INSTRUCTIONS TO FOLLOW:
Please restate each line of the data that follows word for word, skipping any image.

RECORDED DATA:
________________

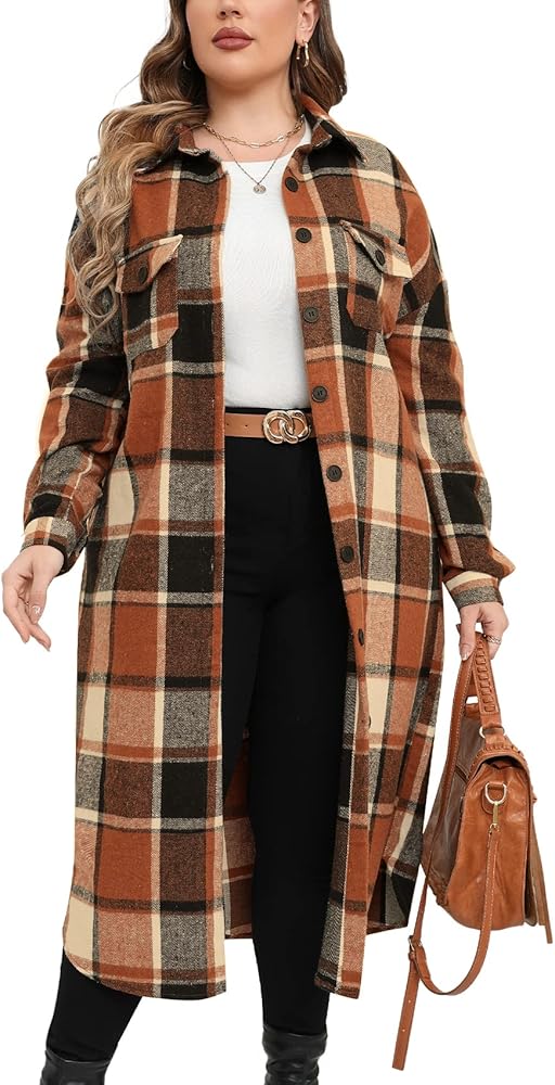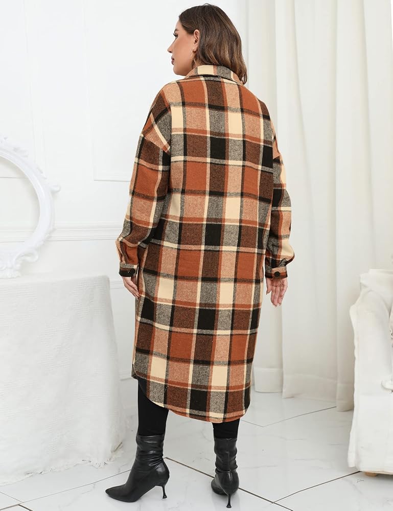 Calf-Length Chic: The calf-length design of our plus-size shacket adds a touch of sophistication to your ensemble. Crafted with plus-size individuals in mind, our long flannel shirts offer a comfortable and stylish fit tailored to your body type.
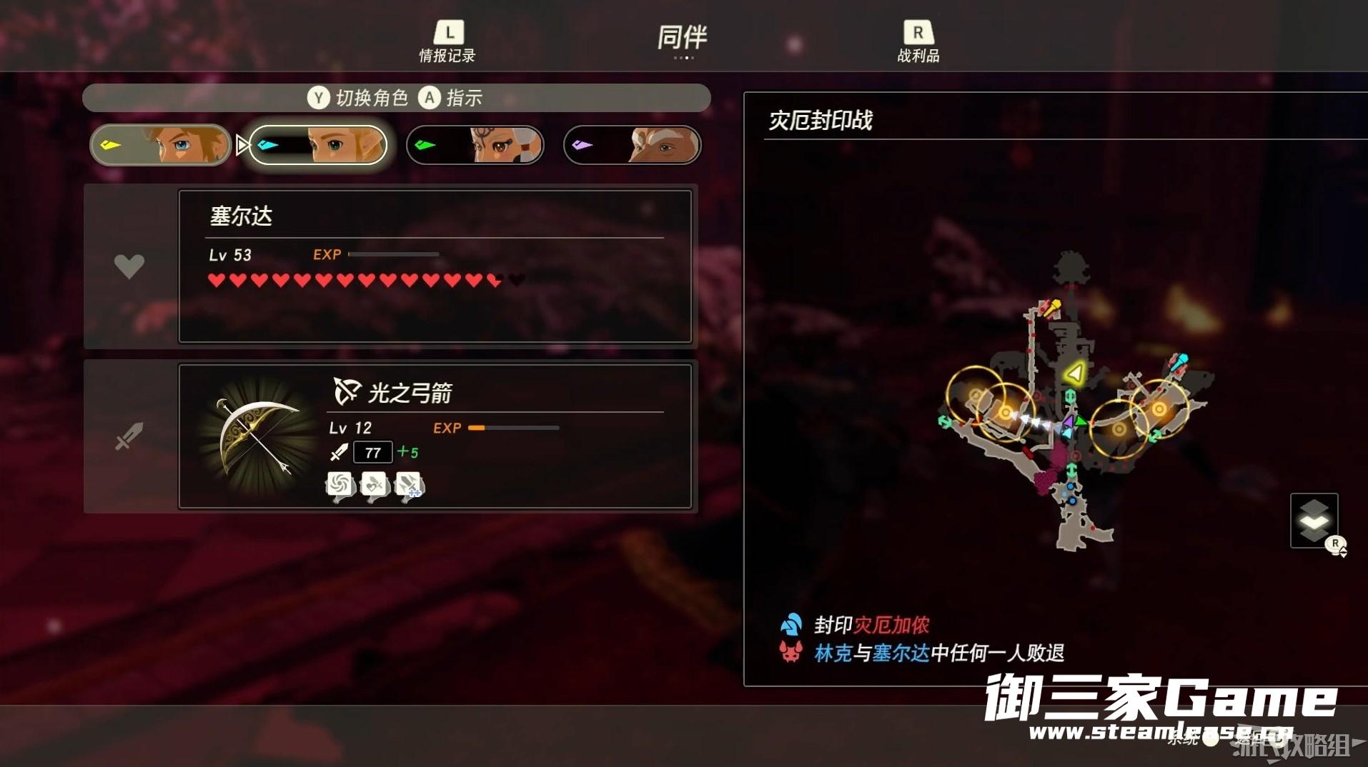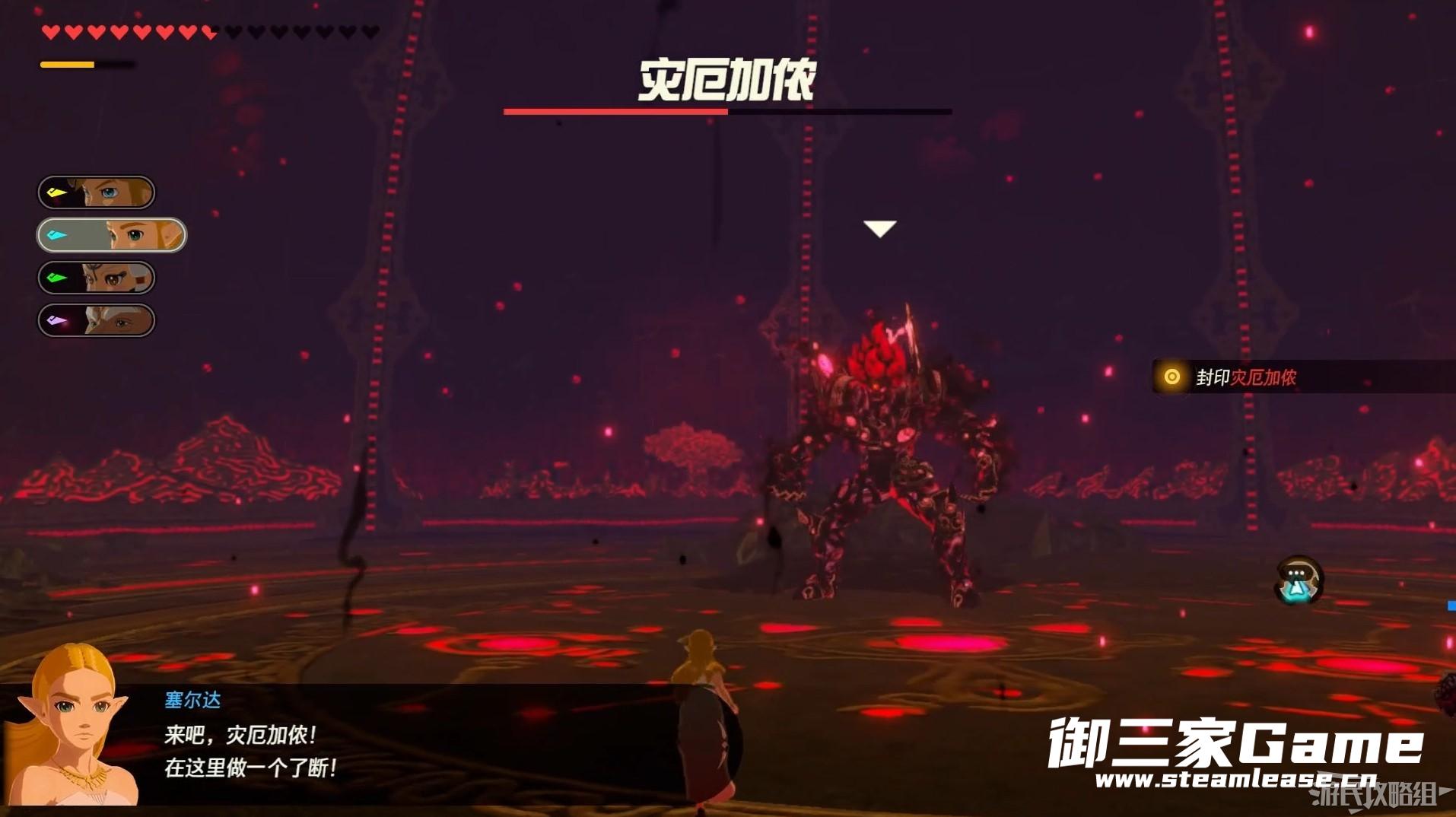 灾厄加侬会连续使用需要我们打断的技能,因此建议在开始本关卡前将海拉鲁地图上可以缩短希卡道具的支线任务完成。
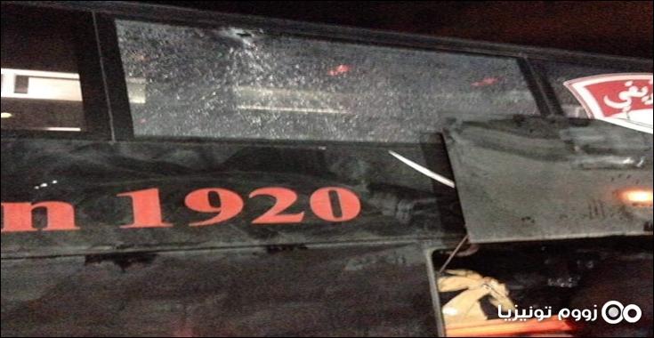 وقد تعرّضت الحافلة إلى الرشق بالحجارة وتهشيم الزجاج وهي في طريقها إلى الملعب الأولمبي بسوسة، فيما لم يُسجّل وفق المعطيّات الأولية أي إصابات في صفوف الوفد.
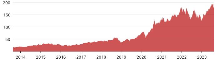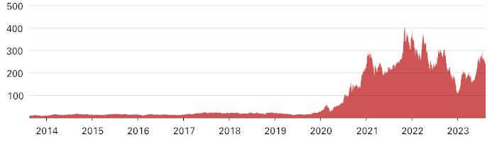 The following graph sets forth the historical performance of TSLA based on the daily historical closing values from August 15, 2013 through August 15, 2023. We obtained the closing values below from the Bloomberg Professional® service. We have not undertaken any independent review of, or made any due diligence inquiry with respect to, the information obtained from the Bloomberg Professional® service.![]() |

________________

TASK SOLUTION:
 Calf-Length Chic: The calf-length design of our plus-size shacket adds a touch of sophistication to your ensemble. Crafted with plus-size individuals in mind, our long flannel shirts offer a comfortable and stylish fit tailored to your body type.
 灾厄加侬会连续使用需要我们打断的技能,因此建议在开始本关卡前将海拉鲁地图上可以缩短希卡道具的支线任务完成。
 وقد تعرّضت الحافلة إلى الرشق بالحجارة وتهشيم الزجاج وهي في طريقها إلى الملعب الأولمبي بسوسة، فيما لم يُسجّل وفق المعطيّات الأولية أي إصابات في صفوف الوفد.
 The following graph sets forth the historical performance of TSLA based on the daily historical closing values from August 15, 2013 through August 15, 2023. We obtained the closing values below from the Bloomberg Professional® service. We have not undertaken any independent review of, or made any due diligence inquiry with respect to, the information obtained from the Bloomberg Professional® service.![]() |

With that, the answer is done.